As educators, we all understand how a narrow and punitive system of numerical evaluation like VAM/ AGT can seriously degrade instruction and, as a consequence, hurt students. I mentioned earlier that I’m an English teacher. I know that if my pay, or even my continuance in the profession, were to be tied directly to my students’ annual CST scores, I would be under intense pressure to spend less time teaching writing and teaching literature; to spend less time teaching my students how to clearly express themselves and to understand complex written material; to spend less time teaching the actual skills that my students need and that their parents want them to develop for college or careers.

In a VAM/AGT environment, there is constant pressure to teach less and to reduce instruction to test prep. And that kind of pressure would apply to every teacher, regardless of grade level or subject field. Many of the people (including elected leaders) who push the hardest to link teacher evaluation directly to raw test score numbers are well intended. They believe that directly linking test scores to teacher employment decisions will transform all schools for the better. This belief is based on two obvious fallacies: first, that test scores are a direct and accurate (rather than approximate) measure of “student achievement”; and second, that attaching test score incentives and threats to teachers’ jobs will somehow “revolutionize” how teachers approach their teaching. People who believe these things are not evil—they’re just wrong. And it’s our job as professional educators to set the record straight.

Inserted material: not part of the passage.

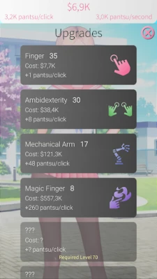• High quality images with sexy girls in anime style • Tap and sell panties (pantsu) - Earn money to your wallet • Increase your level - Then you can have more opportunities (new clothes, upgrades, buildings, random bonuses) • Choose one of several girls - You have a difficult choice... Who will you choose? • Are you risky one? - Roll the dice and try your luck • Random events and more

Individual teacher VAM/AGT scores are virtually meaningless

The U.S. Department of Education is headed by Arne Duncan. Duncan is a strong proponent of VAM/AGT-type teacher evaluations. But Duncan’s own department has released studies showing that VAM evaluations of individual teachers consistently have an error rate of more than 25%. In other words, one-fourth of all individual teacher VAM scores will be flat-out wrong. That’s why the U.S. Department of Education recommends against using VAM scores for teacher evaluation decisions. Respected researchers from all over the country have rejected their use and have warned of their unreliability. An individual teacher’s VAM/AGT score, whether it was calculated by the District or by the L.A. Times, is virtually meaningless as an indicator of effectiveness or competence.

And speaking of the L.A. Times, it appears that they want to do another round of articles on teacher performance, once again accompanied by a searchable database of individual teacher scores, only this time, the data would be your individual AGT score. While UTLA is vigorously pursuing all legal channels to keep this data from being released, it is important to remember that any individual teacher AGT score is little more than a random and meaningless number determined through a formula that has been widely discredited.

While the obvious purpose of the last L.A. Times VAM series was the public belittling of public school teachers, it is important to remember that your or my individual “AGT number” is about as reliable an indicator of teaching quality as your or my driver’s license number. When we forget that, we empower the people who want to disparage our profession. It doesn’t matter whether the proponents of VAM/AGT are wealthy or powerful; they are still wrong, and they are pushing a teacher evaluation system that is at best meaningless and at worst dangerous to instruction. We have a duty to our profession and to our students to resist its implementation.

When any teacher starts to feel inadequate (or for that matter superior) because of something as meaningless as an individual VAM/AGT score, the enemies of our profession score a small victory. The advocates of individual VAM/AGT score evaluation all have one thing in common: They don’t know the first thing about quality teaching. You do. Never forget that.